**Records for the task**
•••••
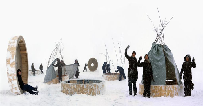 The 19 nationalities came together to create a mobile city for nomads that respect and are humbled by nature. The students were given a task to make a personal fishing shelter and collectively to build two communal focal points: a movable 'nomad sauna' on skies and an 'aurora observatory.
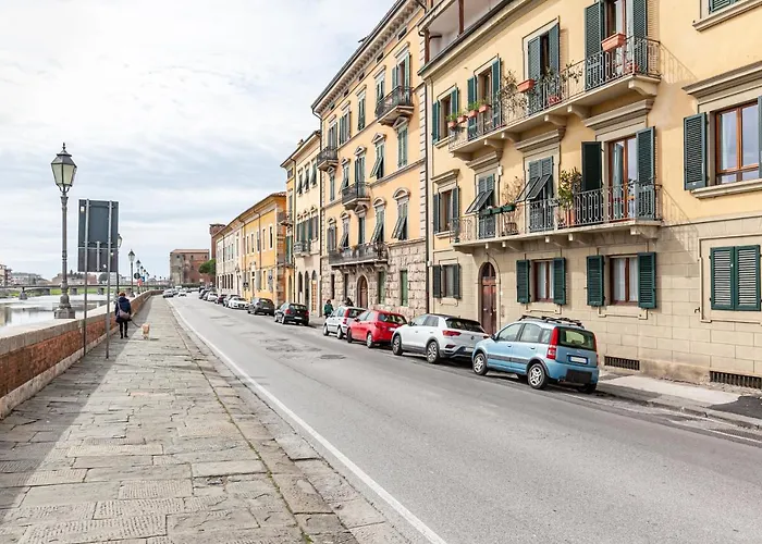 Guesthost - Lungarno Elegant Apartment With Panoramic Balcony 피사는 산 조반니 세례당에서 1.1km 떨어져 있습니다. 이 숙소에는 2개의 침실, 2개의 욕실과 부엌이 있습니다.
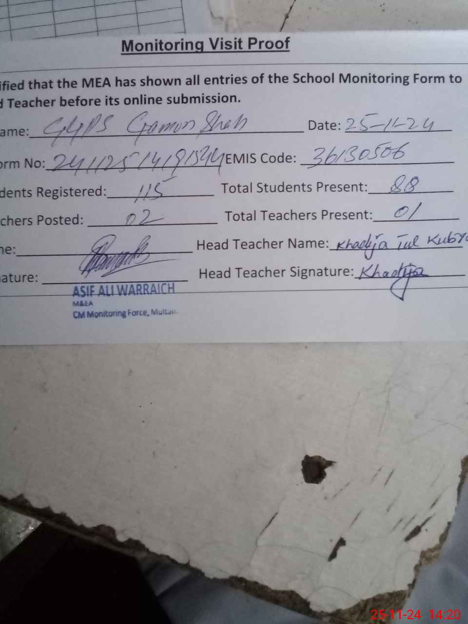 | Attendance Register | Head Teacher | MEA with School | Visit Proof |
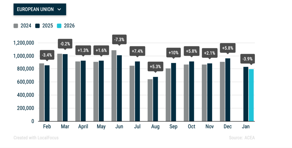 Le auto elettriche a batteria continuano a guadagnare terreno nel mercato europeo. A gennaio 2026, secondo i dati pubblicati da Acea, le nuove immatricolazioni di veicoli BEV hanno raggiunto una quota del 19,3%, in netto aumento rispetto al 14,9% dello stesso mese del 2025, confermando un potenziale di crescita ancora significativo nonostante il rallentamento generale del mercato. Nel primo mese dell’anno, nell’Unione europea sono state registrate 154.230 nuove auto elettriche a batteria, mentre le immatricolazioni complessive di autovetture sono diminuite del 3,9% su base annua, segnando il secondo avvio d’anno consecutivo in territorio negativo.
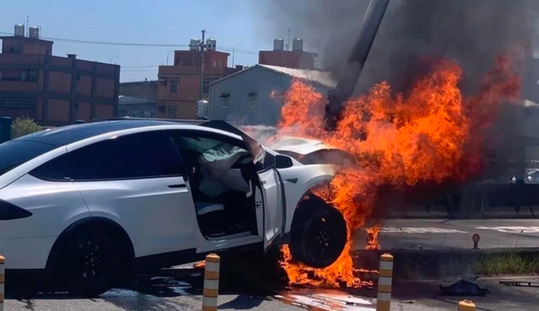 在这之前,他开着一辆特斯拉Model X,刚掉完头就撞上隔离带,瞬间起火。
•••••
**Goal of the exercise**
Output the material above exactly as written and drop any images it holds.

**Written reply**
 The 19 nationalities came together to create a mobile city for nomads that respect and are humbled by nature. The students were given a task to make a personal fishing shelter and collectively to build two communal focal points: a movable 'nomad sauna' on skies and an 'aurora observatory.
 Guesthost - Lungarno Elegant Apartment With Panoramic Balcony 피사는 산 조반니 세례당에서 1.1km 떨어져 있습니다. 이 숙소에는 2개의 침실, 2개의 욕실과 부엌이 있습니다.
 | Attendance Register | Head Teacher | MEA with School | Visit Proof |
 Le auto elettriche a batteria continuano a guadagnare terreno nel mercato europeo. A gennaio 2026, secondo i dati pubblicati da Acea, le nuove immatricolazioni di veicoli BEV hanno raggiunto una quota del 19,3%, in netto aumento rispetto al 14,9% dello stesso mese del 2025, confermando un potenziale di crescita ancora significativo nonostante il rallentamento generale del mercato. Nel primo mese dell’anno, nell’Unione europea sono state registrate 154.230 nuove auto elettriche a batteria, mentre le immatricolazioni complessive di autovetture sono diminuite del 3,9% su base annua, segnando il secondo avvio d’anno consecutivo in territorio negativo.
 在这之前,他开着一辆特斯拉Model X,刚掉完头就撞上隔离带,瞬间起火。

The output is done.